- Original authors: Barbara F. Ryan, Thomas A. Ryan, Jr., and Brian L. Joiner
- Developers: Minitab, LLC
- Release: 1972
- Stable release: 22.1 / March 20, 2024; 2 years ago
- Operating system: Windows, web app, formerly: Mac
- Type: Statistical analysis
- License: Trialware
- Website: minitab.com

= Minitab =

Statistics software

Minitab is a software company that develops statistical analysis and process improvement software. Developed at the Pennsylvania State University by researchers Barbara F. Ryan, Thomas A. Ryan, Jr., and Brian L. Joiner in conjunction with Triola Statistics Company in 1972, the company has expanded into a global provider of analytics solutions used in manufacturing, hospitality, food and beverage, pharmaceuticals, healthcare, mining, education, and other sectors.

== History ==

During the 1990s, the software became associated with Six Sigma and other structured quality improvement initiatives, and it has been used in university courses related to Lean Six Sigma and quality engineering.
Minitab is distributed by Minitab, LLC, a privately owned company headquartered in State College, Pennsylvania. As of 2026, Minitab LLC had subsidiaries in the Netherlands, UK, France, Germany, Hong Kong, Japan and Australia.

== Industry and academic use ==
Minitab software is commonly used in quality engineering, industrial statistics, and Six Sigma initiatives. Its integration into Lean Six Sigma programs and engineering curricula reflects its continued use in academic and professional training.

== Products ==
Minitab’s primary product is Minitab Statistical Software and the Minitab Solution Center, a cloud-based platform that provides centralized access to the company's statistical analysis, data preparation, visualization, and process improvement tools. The platform consolidates multiple analytics applications within a unified environment intended to support problem-solving workflows from idea generation to data analysis and dashboard visualization.

The software includes statistical capabilities such as hypothesis testing, regression analysis, analysis of variance (ANOVA), statistical process control (SPC), and design of experiments (DOE).

Through internal development and acquisitions, Minitab has expanded its product ecosystem to include predictive analytics, discrete-event simulation, real-time manufacturing data integration, and advanced experimental optimization tools.

== Expansion and acquisitions ==
Beginning in the 2010s, Minitab expanded beyond traditional desktop statistical software through acquisitions intended to broaden its analytics capabilities.

In 2017, Minitab acquired Salford Systems, a predictive analytics company known for implementing decision tree methodologies including CART and Random forest algorithms.

In December 2024, Minitab acquired Simul8 Corporation, a Scotland-based developer of discrete-event simulation software. The software is used to model operational systems such as manufacturing processes, healthcare delivery systems, and service workflows.

In 2025, the company acquired Prolink Software, which develops automated quality data collection systems that connect inspection and measurement devices directly to statistical process control platforms.

In 2026, Minitab acquired Scytec, whose DataXchange platform collects real-time operational data from industrial equipment including CNC machines, programmable logic controllers (PLCs), and robotic systems.

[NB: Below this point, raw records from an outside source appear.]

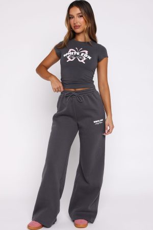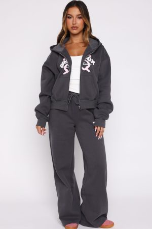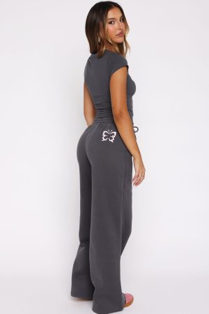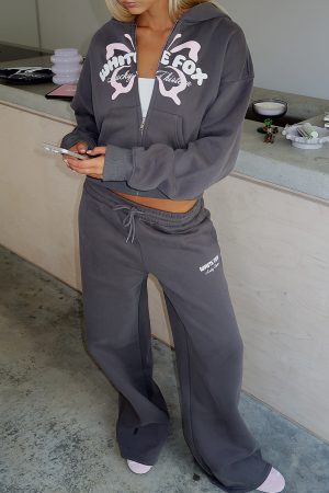 Loungewear is taking over our wardrobe and the Lucky Thirteen Audrina Wide Leg Sweatpants Volcanic is on high rotation! Designed with a thick elasticated waistband featuring an external drawstring tie. and a wide leg silhouette. The White Fox puff print text side front paired with printed butterfly graphic side back adds a signature touch. while the soft. fleece interior ensures a cozy feel. Style with the matching Lucky Thirteen Audrina Boxy Zip Front Hoodie for the cutest fit.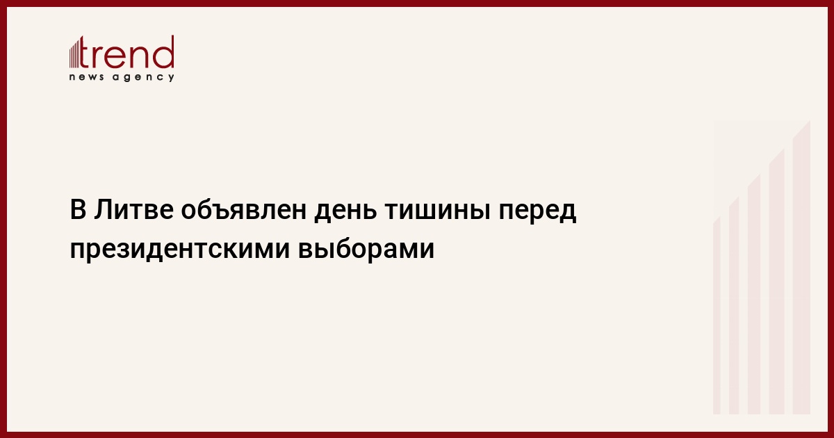 День тишины объявлен в Литве перед назначенными на воскресенье президентскими выборами, одновременно с которыми пройдет голосование на двух референдумах, передает Trend со ссылкой на ТАСС.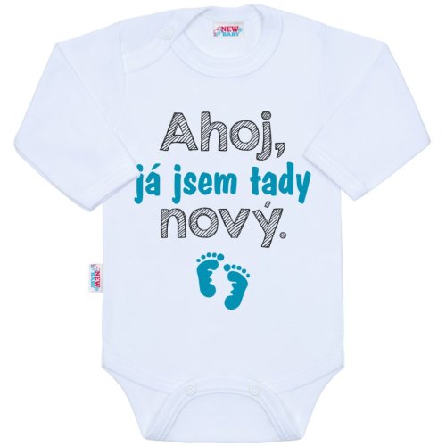 Originálne bavlnené dojčenské body s dlhým rukávom New Baby, s vtipným nápisom Ahoj, ja som tu nový. Farby použité na potlač sú certifikované a vhodné pre bábätká. Je vyrobené z príjemného a kvalitného materiálu, v ktorom sa bude Vaše bábätko cítiť príjemne. Body má zapínanie na cvočky na ramienku a medzi nožičkami, čo uľahčuje obliekanie a prebaľovanie. Doprajte Vášmu bábätku vyniknúť v originálnom bode. Zloženie: 100% bavlna. Rozmery: obvod okolo hrudníka cca 38 cm, dĺžka rukáva cca 21 cm, celková dĺžka cca 33 cm.<BR>- Produkt českej značky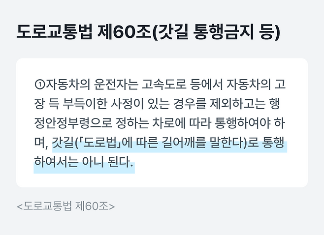 도로교통법 제60조에서 강조하듯 평상시 갓길은 꼭 비워둬야 되는데요. 갓길 주행 시엔 일반 승용차 기준 범칙금 6만 원에 벌점 30점이 부과됩니다. 면허 정지 기준이 40점이니 정말 큰 처벌이라 할 수 있겠네요!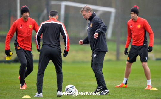 | 맨유 모예스 감독(오른쪽에서 두번째)이 긱스(왼쪽에서 두번째)와 함께 훈련하고 있다. ⓒAFPBBNews = News1 |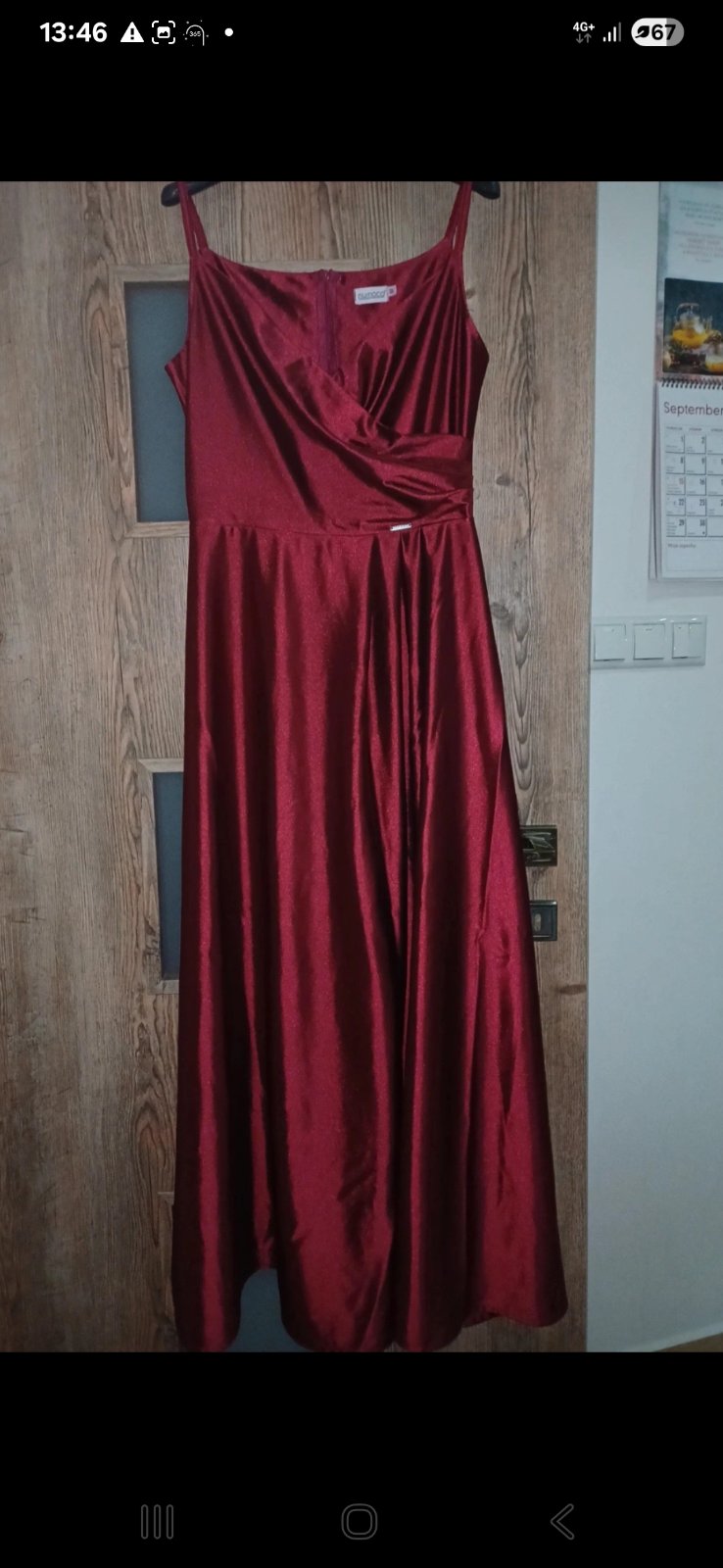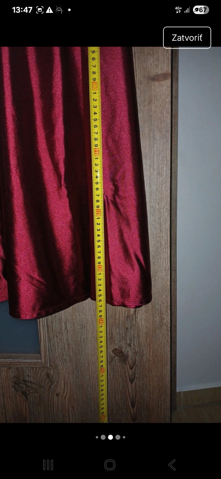Raz oblečené, hrubší satén, rozparok zašitý, dá sa upraviť. Veľmi pekne ukážu na postave.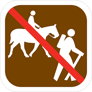 10-708-SizeAlum. Sign - "No Horses / Hikers", Wht/Brn/Red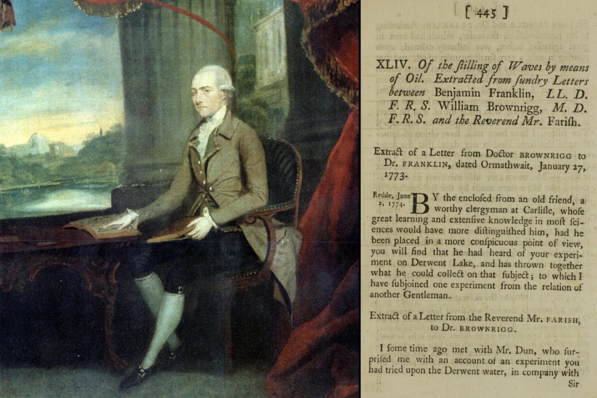 Brownrigg relayed Franklin’s letter to Mr. Farish, a clergyman in Carlisle whose full identity has been lost to history. Upon hearing Franklin’s results, Farish was incredulous. After all, how could such a small amount of olive oil cover half an acre of a pond’s surface? Farish requested a full account of the experiment, which Franklin wrote up and later published in the Royal Society’s journal, Philosophical Transactions, in late 1774. (Franklin’s original paper can still be read on the Royal Society’s website.)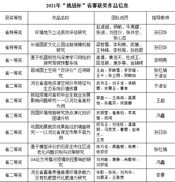 5月25日—26日,2021年“挑战杯”河北省大学生课外学术科技作品竞赛终审决赛在燕山大学举办。本届“挑战杯”竞赛共有来自全省81所高校的1642件作品进入省赛环节,其中共计339件作品进入终审决赛。经过激烈角逐,BB贝博共有23项作品获奖,其中省特等奖2项,省一、二、三等奖21项。同时,特等奖作品《长城国家文化公园法制保障机制研究》入围 “挑战杯”全国大学生课外学术科技作品竞赛。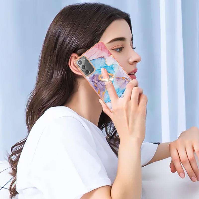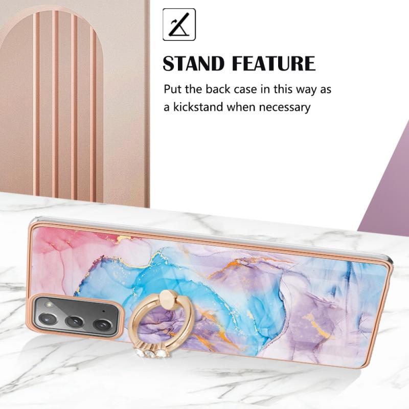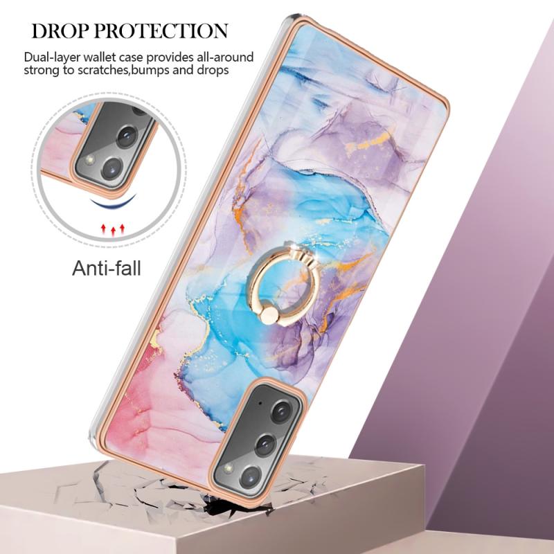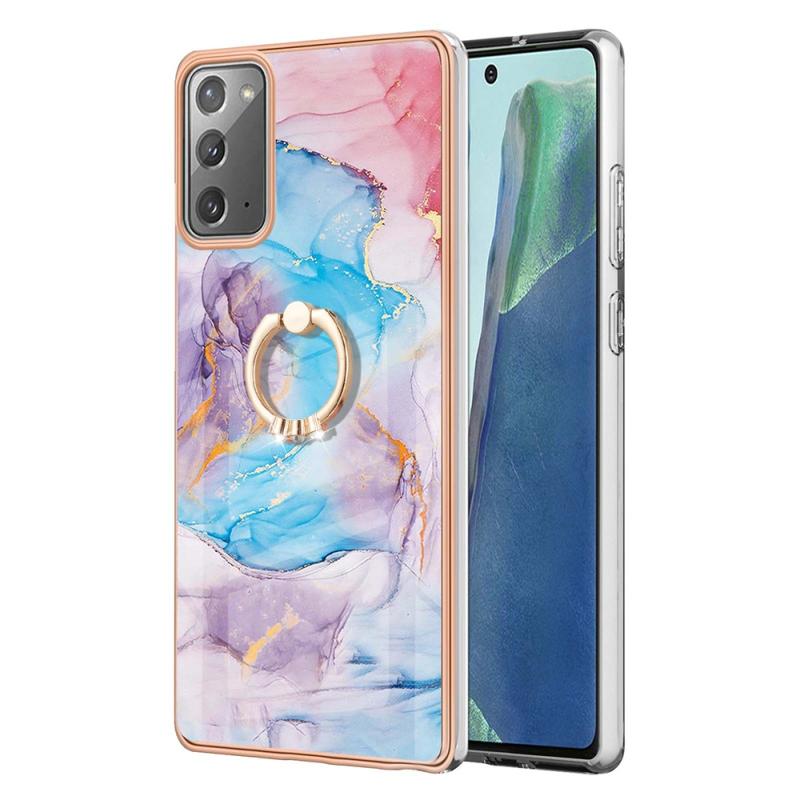 For Samsung Galaxy Note20 Electroplating IMD TPU Phone Case with Ring(Blue Marble)

Also in 2026, Minitab acquired Effex, a software platform focused on modern design of experiments (DOE). Effex includes a catalog of experimental designs and uses algorithmic and artificial intelligence-assisted methods to generate optimized experimental plans.

== Artificial intelligence features ==
Minitab has introduced features intended to assist users in selecting statistical methods and interpreting analytical output. In 2015, the company introduced an "Analysis Assistant" feature designed to guide users in choosing appropriate statistical tests and understanding results.

Later versions of the software added an AI-based assistant that provides natural-language explanations of statistical output produced within the software environment. According to company documentation, these features generate explanations based on validated analytical results produced by the software rather than independent generative outputs.

== International operations ==
Minitab LLC is headquartered in State College, Pennsylvania, United States. The company also maintains a U.S. office in Chicago, Illinois.

International offices include locations in Coventry, United Kingdom; Paris, France; Munich, Germany; Hilversum, Netherlands; Hong Kong; and Sydney, Australia.

In 2024, the company opened a subsidiary and office in Tokyo, Japan, expanding its presence in the Asia-Pacific region.

Trade publications have reported on the company's involvement in analytics applications within manufacturing and mining sectors.

== Recognition ==
In 2025, Minitab received the Manufacturing Today Manufacturing Supplier Innovation Award in the category of Most Innovative Quality Control and Assurance Solution.

Also in 2025, the company was included in the Great Place to Work annual ranking.

In 2026, Minitab Statistical Software was ranked among the Top 50 Best Data Analytics Software Products in G2’s Best Software Awards, based on user ratings and reviews on the G2 marketplace.

The company was also included in the 2026 Training MVP Awards rankings, which recognize organizations providing employer-sponsored workforce training and development programs.

Minitab has also been featured in regional technology coverage, including Built In Chicago.

== Leadership ==
Jeffrey T. Slovin is chief executive officer of Minitab.